Em um país que mais mata pessoas transexuais no mundo, Fabiano acredita que um comportamento homofóbico, transfóbico, racista, misógino, sexista e xenofóbico atinge a toda a população, de um modo geral. Contudo, naquele momento, teve muito medo de sua privacidade ser atingida, mas prezou por lutar pelo direito coletivo e não podia imaginar que realmente o presidente fosse o convidar para discursar.

“Eu acredito que o que ele disse foi um ato de covardia com a população LGBTQIA+”, afirma. “Quando me pediram para falar sentado na cadeira da presidência, não sabia o que eu ia falar.
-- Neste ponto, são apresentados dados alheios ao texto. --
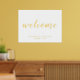 featuring title "Welcome" in real gold foil modern script font with details in real gold gold modern sans serif font on white background.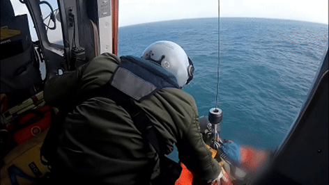 受冷空气影响,事发海域浪高5米伴有8级大风。直升机机组克服船舶纵摇幅度大、吊运点空间狭小、甲板障碍物较多等困难,利用短暂的船舶摇摆相对稳定期,迅速放下救生员。
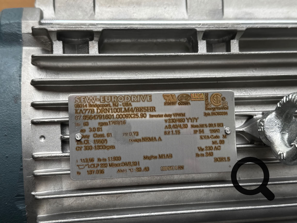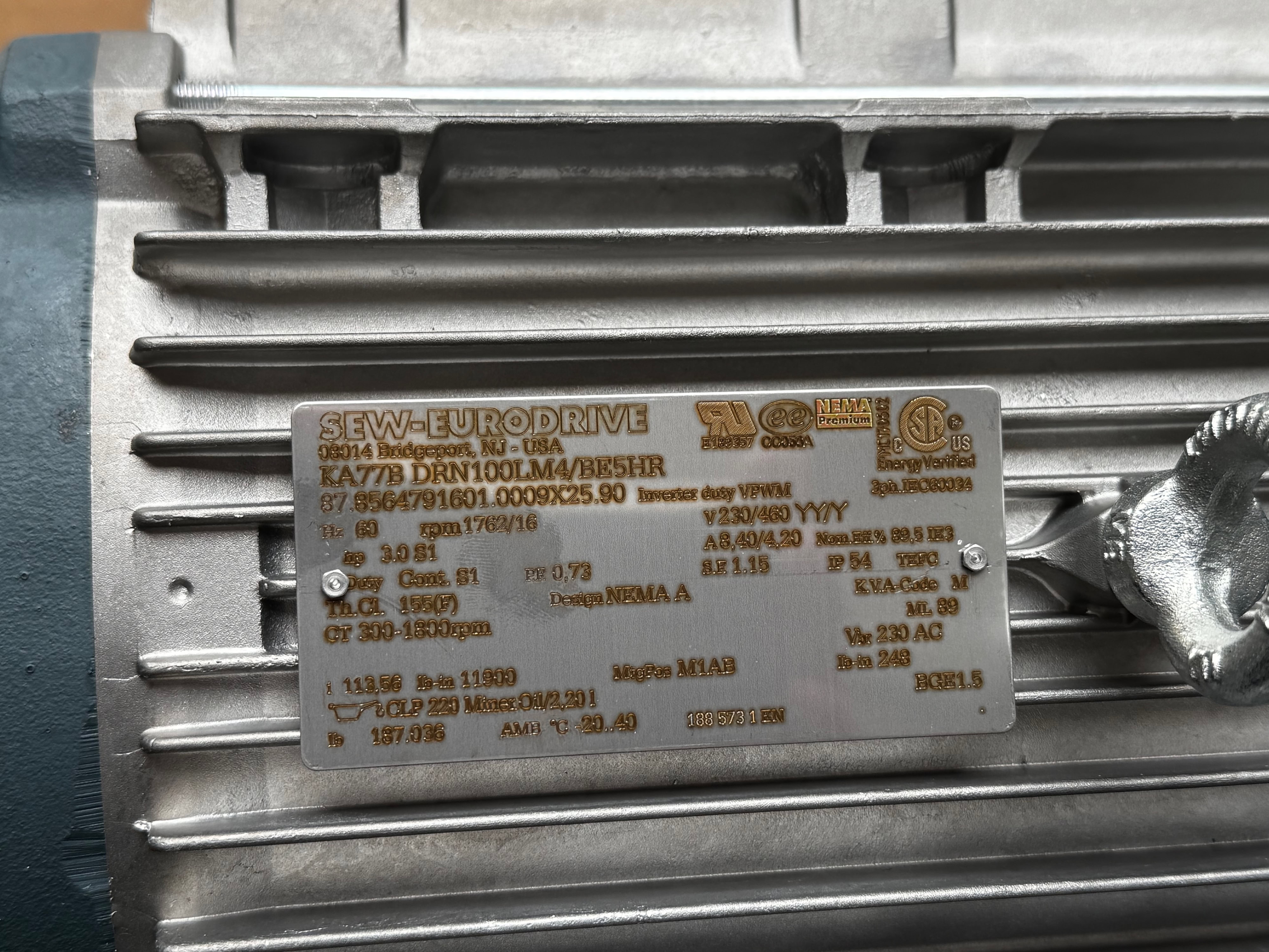 The motor model number is DRN100L M4/BESHR, the serial number of the unit is 87.8564791601.0009X25.90.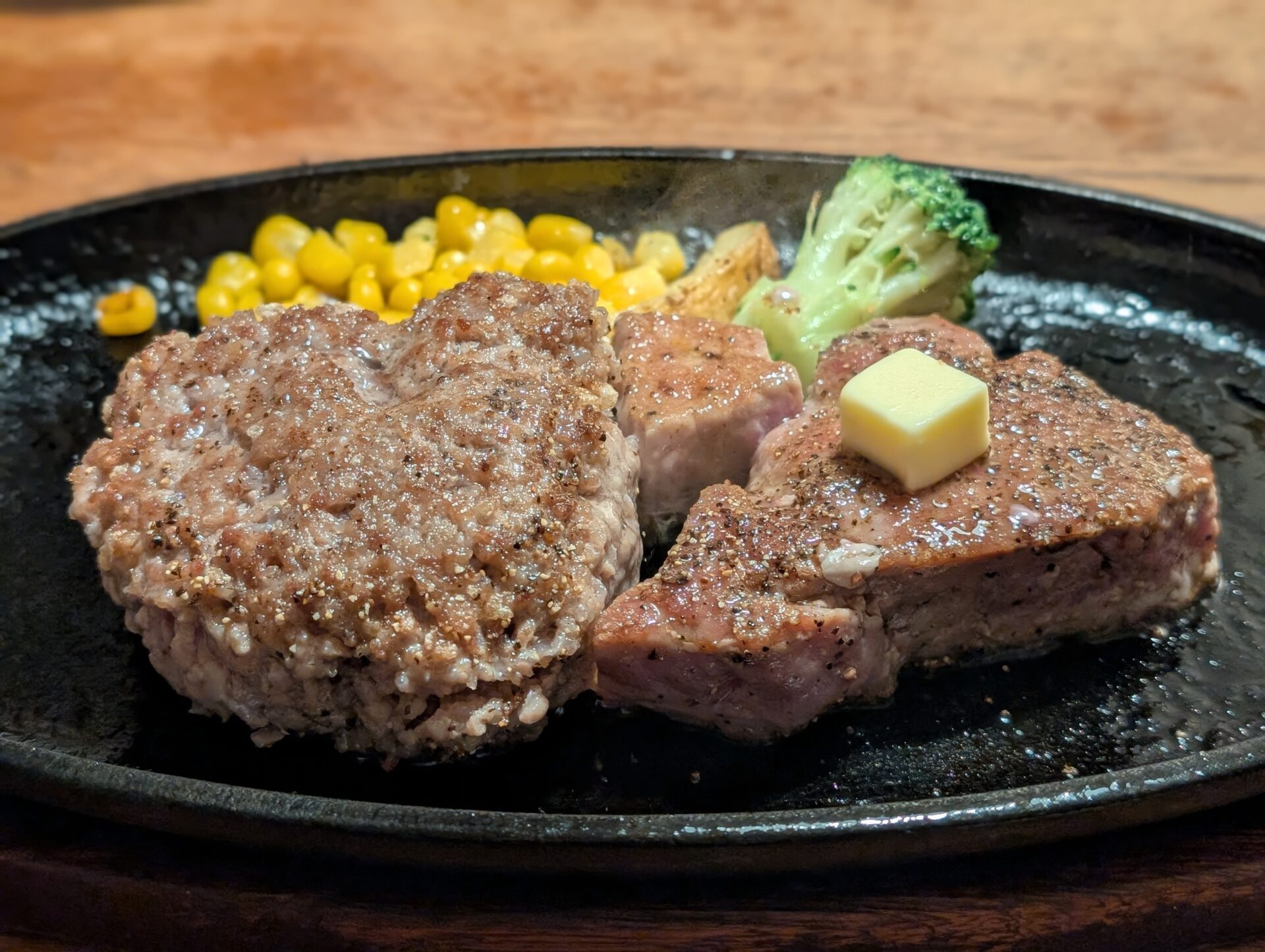 お値段からもお腹の空き具合からも、ザ・アメリカンビーフ!のようなサイズを期待していたのですが、そこまでのボリュームはなく⋯ただ、オニオンソースをかけて食べるとハンバーグもステーキも、とても美味しかったです。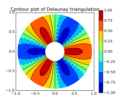 Note: tricontourf fills intervals that are closed at the top; that is, for boundaries z1 and z2, the filled region is: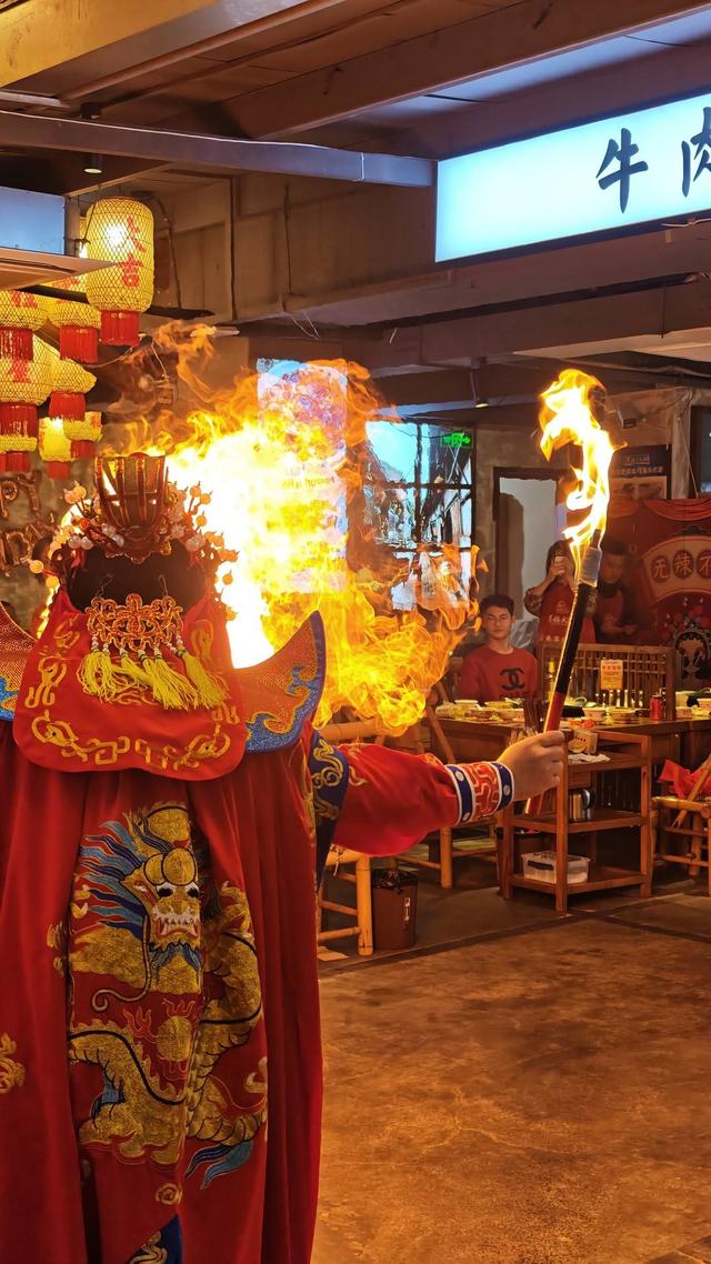 火锅店里的喷火表演。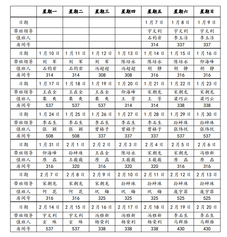 澳门电子pg游戏官网2022年寒假值班表
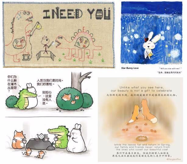 马来西亚艺术家丘汉林及其创作的BuddyGator盖朵短尾鳄,新加坡艺术家翁敏佳及其创作的Jangandfox狐狸家族,演员范少勋及其创作的IP小恐龙,画家Echo为超模陈碧舸打造的公益IP帮你兔,熊老师的艺术课和小朋友们,皆接受品牌邀请以各自短小温馨却又令人反思的故事以各自IP的视角对“动物是与我们共同存在的生命个体,而非时尚材质”这一主题进行了独特解读:有阐述动物对人类蛮横侵占行为的畏惧与无力,甚至有时成长意味着要面对伤害,也有展现动物和人类跨越物种的亲密联系。而儿童诗歌则从童真的视角去讲述他们眼中生物的伟大与神奇。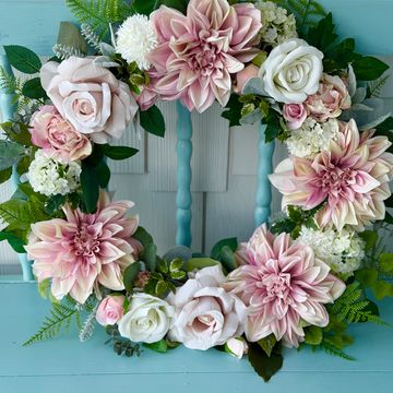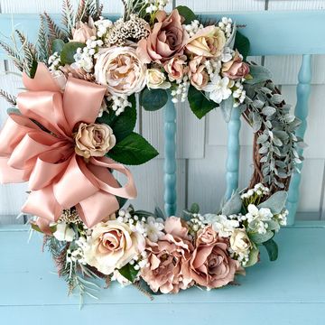 Look for the vintage, pink, glass deer top left...the inspiration for the wreath.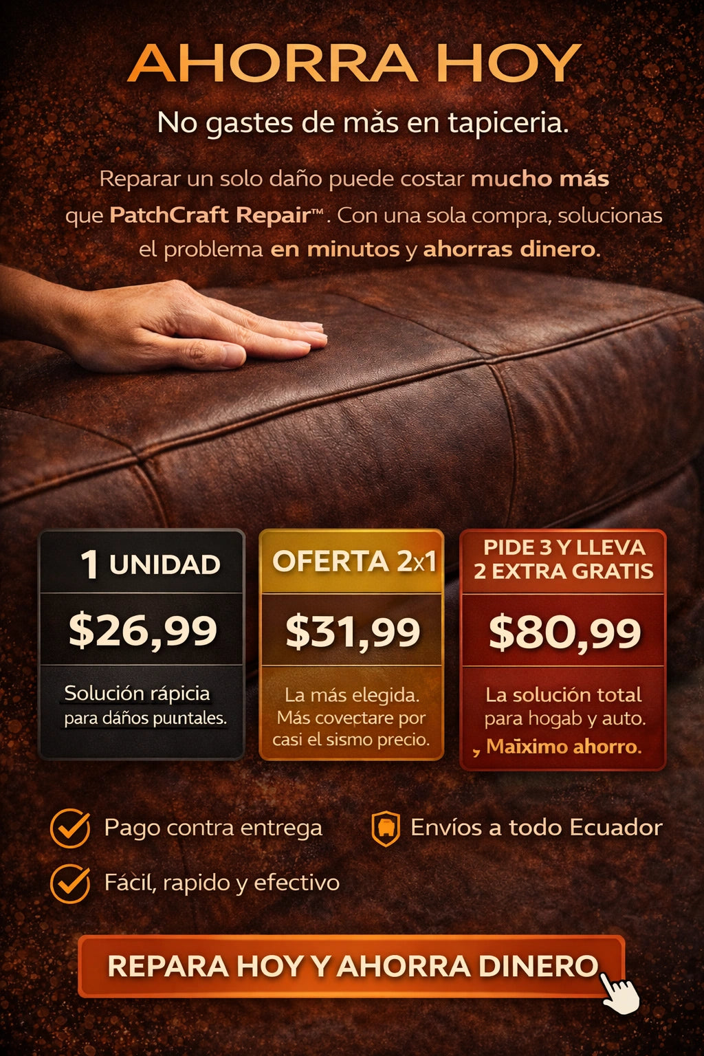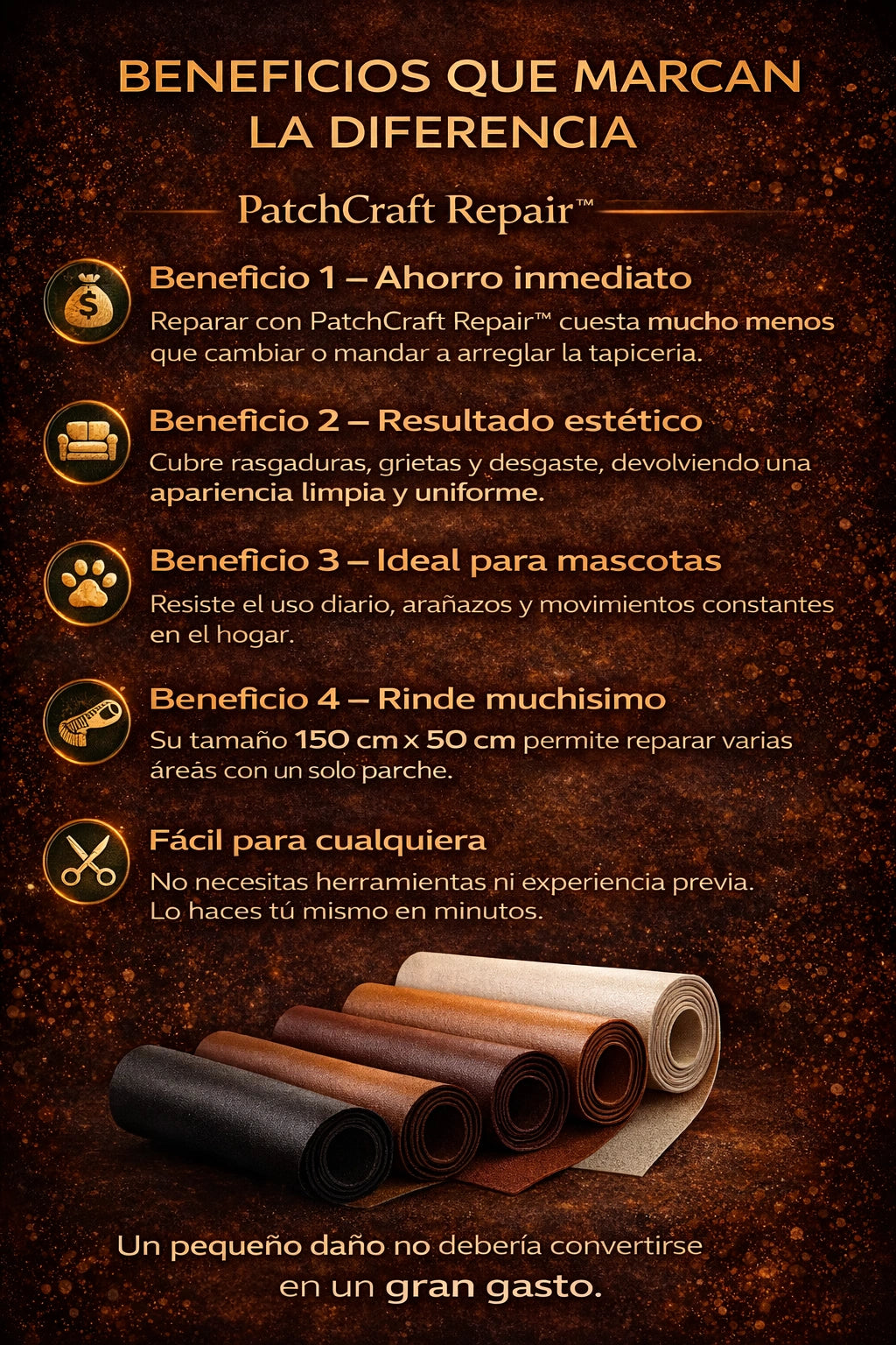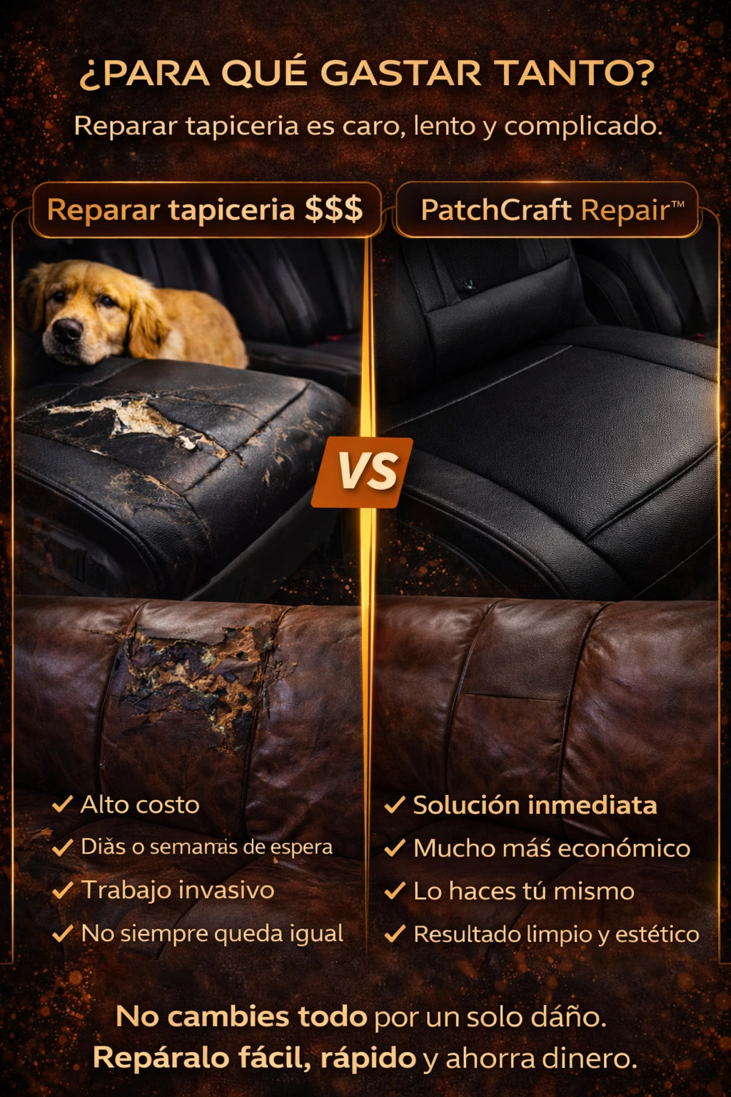 Mis sillas de cuero estaban feas y desgastadas en 10 minutos quedaron perfectas y nadie nota el daño anterior es muy bueno

Me chamou para que eu ficasse lá ombro a ombro com a pessoa que praticou o crime contra mim, tendo ouvido ele falar dez vezes a palavra família, sobre vida, legalidade, moralidade e em Deus foi muito difícil controlar o lado emocional com o racional. Eu acho que isso que fez com que eu falasse daquela forma que eu acho que que foi contaminada, no bom sentido, de emoção, mas sempre tentando ser racional. Foi um momento muito difícil e eu não imaginava, confesso, que fosse ter tanta repercussão.”

Contarato garante que ainda tem muito fôlego e força para combater a visão deturpada de grande parte da classe política. Ele acredita que seu discurso tenha mexido muito com as pessoas e deu mais visibilidade para que os parlamentares tomem consciência sobre o preconceito, principalmente dentro de um governo negacionista, homofóbico, racista e misógino.

“Não podemos focar naquilo que as pessoas fazem para nós, mas analisar o que estamos fazendo com aquilo que estão praticando contra a gente e o que nós estamos transformando aquilo. Precisamos ter mais coragem, maior participação da população LGBTQIA+ na política e colocar em debate. Se o Senado aprovar qualquer lei, e se este Presidente da República [Jair Bolsonaro] vetar, a gente ganha mais força para derrubar o veto e isso nos fortalece cada vez mais. Ser cidadão não é apenas viver em sociedade, mas transformá-la”, finaliza.